Kristofferson does Dylan Tribute

Darryl Sterdan
Toronto Sun

Kris Kristofferson has been there, done that, bought the T-shirt — and likely written a song about it.

In his 75 years, the ruggedly handsome Texan has seen more living than many could imagine. He’s been a Golden Gloves boxer. A Rhodes Scholar. A U.S. Army captain. A chopper pilot. He’s acted in scores of movies.

Romanced women from Janis Joplin and Rita Coolidge to Barbra Streisand. Fathered eight children. And penned a folio of timeless tunes — including Me and Bobby McGee, Sunday Mornin’ Coming Down, For

the Good Times and Help Me Make it Through the Night — that have been cut by everyone from Johnny Cash to Norah Jones.

But amazing as it sounds, he claims that until recently, there was one thing he still hadn’t done: Record a Bob Dylan song in the studio.

“I never thought I’d be doing him much good by singing one of his songs,” cracks Kristofferson, his familiar crushed-gravel drawl erupting in a gruff, rumbling guffaw. “I don’t usually do other people’s songs. I haven’t got a great voice.”
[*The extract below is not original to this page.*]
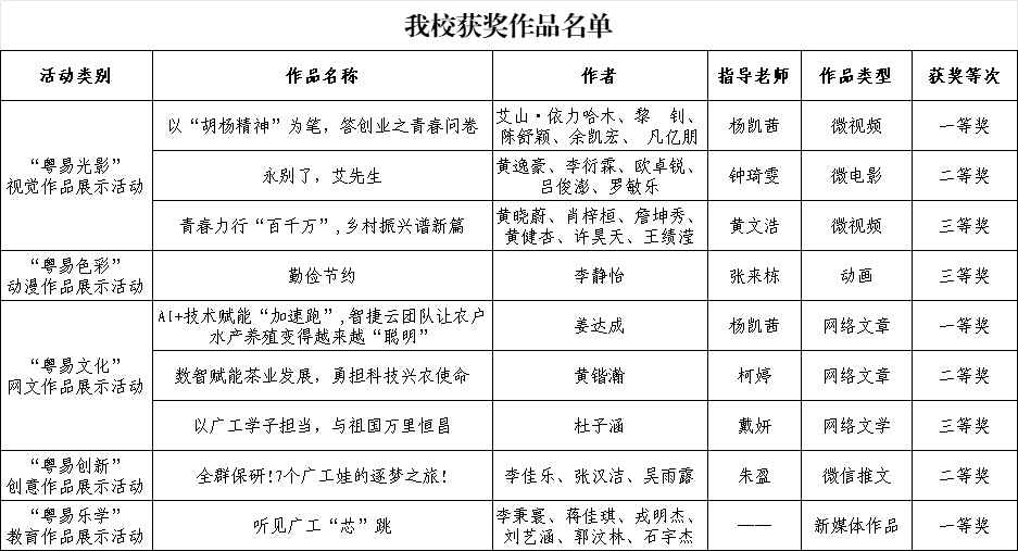近日,广东省教育厅公布了第八届广东高校网络媒体展示节活动结果,我校共获得一等奖3项、二等奖3项、三等奖3项。在此向获奖师生表示祝贺!

Debatable as that last point may be, it didn’t deter him from laying down a gorgeously unvarnished acoustic-guitar rendition of Quinn the Eskimo (Mighty Quinn) a few months back for the new all-star Dylan tribute Chimes of Freedom. Kristofferson — whose only previous Dylan cover seems to be a live version of I'll Be Your Baby Tonight from a 1993 Madison Square Garden tribute — is just one of a long list of VIPs on the four-disc set, which is being released Tuesday in honour of the 50th anniversary of Amnesty International.